The injector has been placed in the left-end block and the producer in the right-end block as shown in
Figure 2. Flow rate in the injection well is kept at a constant value of 0.1 mL/min while the simulation run-time period is two days. Several simulations in secondary recovery mode with diluted and smart brines have been conducted to understand the wettability altering mechanisms such as rock dissolution, electric double layer and surface ion exchange. Parameters such as pH, number of moles of ionic species and mineral, have been studied as a function of distance from injector to producer and pore volume injected. Further discussions are done on results obtained from zeta potential experiments and their integration with simulation study.
4. Conclusions
In this paper, a critical analysis of the wettability alteration mechanism mainly rock dissolution and electric double layer are presented by a combined study of zeta potential estimation and lab-scale simulation studies. Considering the experimental limitations and the assumptions made during the study, the following conclusions are drawn from our observations and analyses:
- (1)
Additional oil recovery is obtained from low-salinity waterflooding as observed from the increasing trend of zeta potential and oil recovery. Maximum incremental oil recovery is given by 1% dSW which correlated with the analysis of pH, moles of calcite, saturation index and Ca2+ ion profiles presented in this paper showed that rock dissolution as the underlying mechanism.
- (2)
The impact of PDIs has been studied in this paper and following conclusions can be drawn from it: (a) For enhanced oil recovery, brine spiked with Ca2+ ion is preferred such that the magnitude of zeta potential is close to zero which ensures minimum attractive forces between adhered oil molecules and the rock surface. (b) Less active role is observed for Mg ion as compared to Ca ion due to the relatively lower solubility of MgSO4 in brine at ambient conditions. (c) Brines can also be spiked with divalent anions, SO42+ and PO43− owing to the oil detachment from repulsive forces due to their adsorption.
- (3)
Additional oil recovery of 20.5% resulted from seawater depleted of Na+ and Cl− ions from sea water whereas seawater depleted of only Ca2+ ions gave no additional oil. The underlying mechanism is explained by the resultant increase in electrostatic repulsive forces from expansion of electrical double layer but needs to be further confirmed by surface complexation modeling of surface and electrostatic interactions.
- (4)
As seen from simulation study, only the injection gridblock had evidence of calcite dissolution taking place. Therefore, the applicability of rock dissolution mechanism in field conditions is highly doubtful as it may not propagate further into the reservoir.

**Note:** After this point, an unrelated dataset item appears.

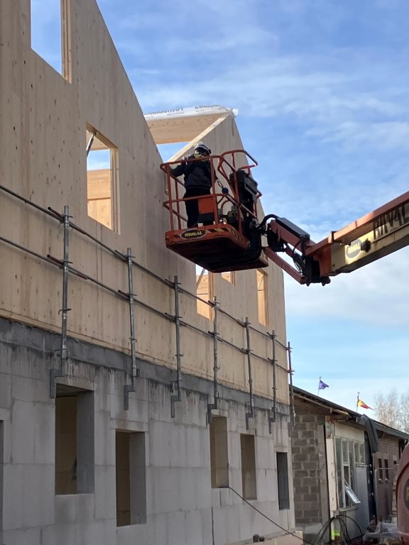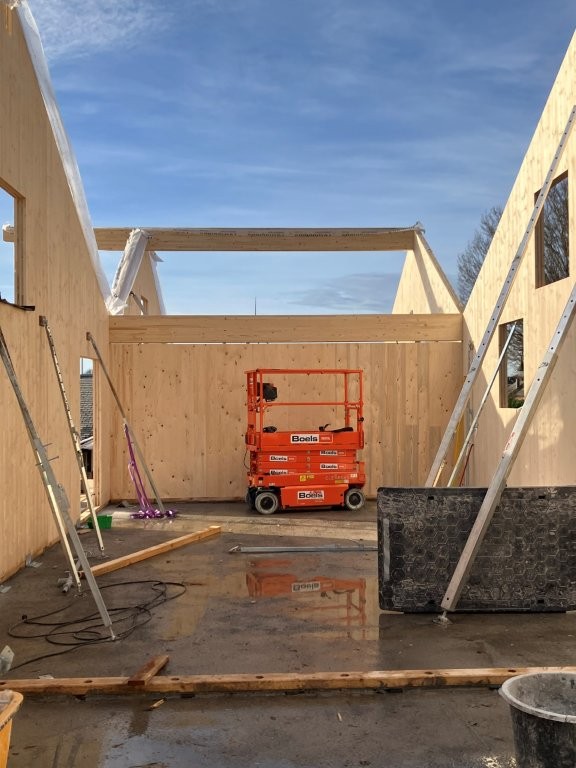 La préfabrication permet une mise en œuvre rapide, précise et protégée des intempéries, tout en offrant une finition impeccable avec des murs en CLT laissés apparents.

The work conducted in this study can be further extended by developing a surface complexation model to study wettability alteration mechanism by predicting disjoining pressure and zeta potential for various LS and smart brines. Furthermore, a field-scale simulation model can also be developed using geochemical reactions to optimize concentration of PDIs in injection brine at field scale.